What you should do: Below are the records; extract from them the line containing "Foto monocromática Sepia" to the line containing "(Größe des Aral-Sees", both lines included, exactly and with no pictures.

Material to process:
- - -

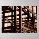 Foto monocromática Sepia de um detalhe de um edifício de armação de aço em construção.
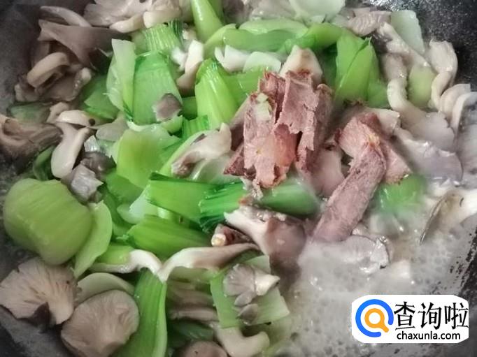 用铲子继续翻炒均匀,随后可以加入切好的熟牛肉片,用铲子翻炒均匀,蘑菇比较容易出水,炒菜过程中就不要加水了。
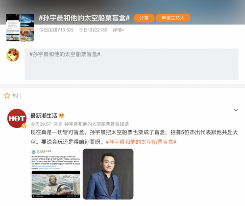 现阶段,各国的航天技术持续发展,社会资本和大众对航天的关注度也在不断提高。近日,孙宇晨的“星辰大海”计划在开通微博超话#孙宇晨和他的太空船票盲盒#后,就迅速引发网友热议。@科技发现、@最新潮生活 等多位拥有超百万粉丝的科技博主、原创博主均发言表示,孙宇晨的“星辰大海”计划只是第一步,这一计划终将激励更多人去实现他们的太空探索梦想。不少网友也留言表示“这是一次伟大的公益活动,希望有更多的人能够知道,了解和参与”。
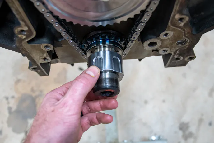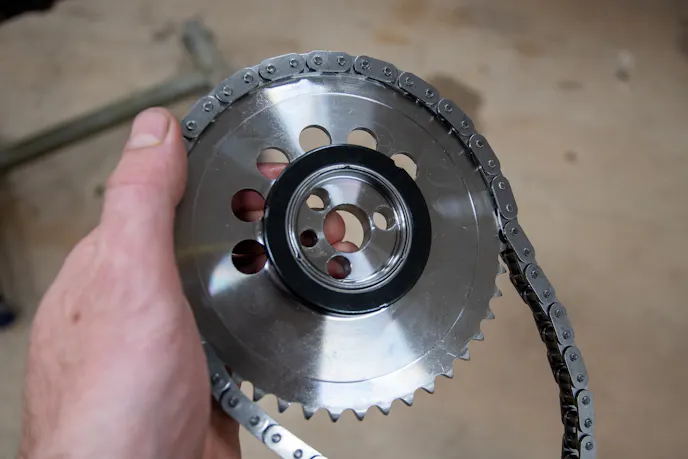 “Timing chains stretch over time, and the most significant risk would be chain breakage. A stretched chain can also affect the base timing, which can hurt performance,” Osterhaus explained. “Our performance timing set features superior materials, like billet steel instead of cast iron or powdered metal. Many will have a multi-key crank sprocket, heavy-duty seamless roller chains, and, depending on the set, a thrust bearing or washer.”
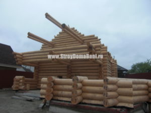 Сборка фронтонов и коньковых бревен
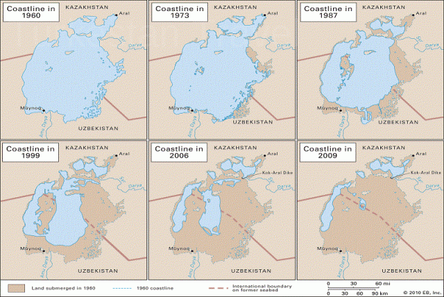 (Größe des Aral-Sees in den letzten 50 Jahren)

- - -

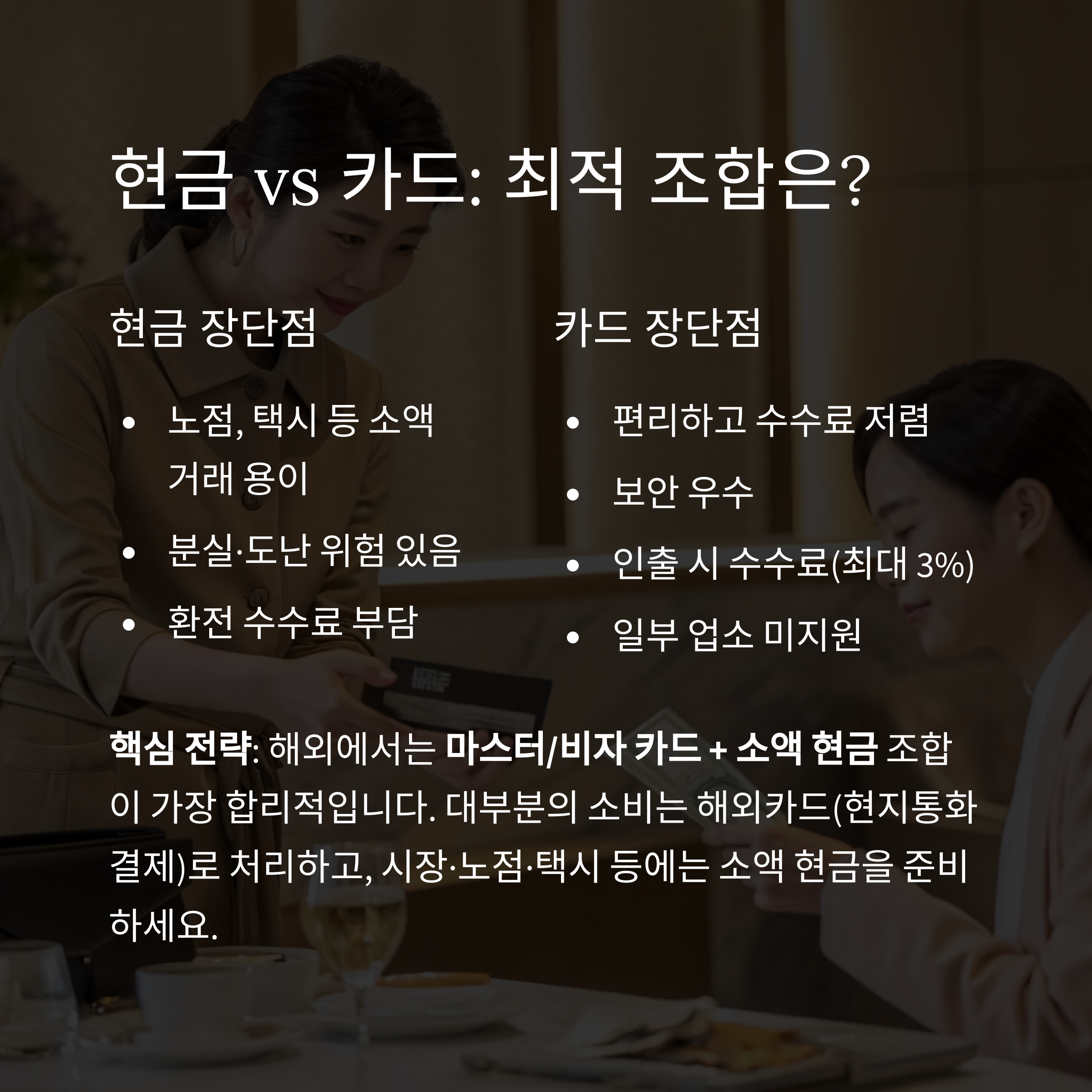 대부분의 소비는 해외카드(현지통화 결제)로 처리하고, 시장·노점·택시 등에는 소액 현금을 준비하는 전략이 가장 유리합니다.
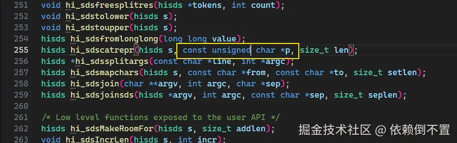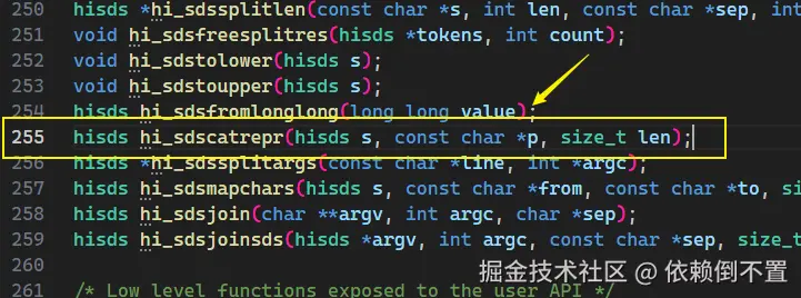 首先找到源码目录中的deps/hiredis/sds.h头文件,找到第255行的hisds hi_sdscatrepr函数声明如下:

- - -

Answer area:
 Foto monocromática Sepia de um detalhe de um edifício de armação de aço em construção.
 用铲子继续翻炒均匀,随后可以加入切好的熟牛肉片,用铲子翻炒均匀,蘑菇比较容易出水,炒菜过程中就不要加水了。
 现阶段,各国的航天技术持续发展,社会资本和大众对航天的关注度也在不断提高。近日,孙宇晨的“星辰大海”计划在开通微博超话#孙宇晨和他的太空船票盲盒#后,就迅速引发网友热议。@科技发现、@最新潮生活 等多位拥有超百万粉丝的科技博主、原创博主均发言表示,孙宇晨的“星辰大海”计划只是第一步,这一计划终将激励更多人去实现他们的太空探索梦想。不少网友也留言表示“这是一次伟大的公益活动,希望有更多的人能够知道,了解和参与”。
 “Timing chains stretch over time, and the most significant risk would be chain breakage. A stretched chain can also affect the base timing, which can hurt performance,” Osterhaus explained. “Our performance timing set features superior materials, like billet steel instead of cast iron or powdered metal. Many will have a multi-key crank sprocket, heavy-duty seamless roller chains, and, depending on the set, a thrust bearing or washer.”
 Сборка фронтонов и коньковых бревен
 (Größe des Aral-Sees in den letzten 50 Jahren)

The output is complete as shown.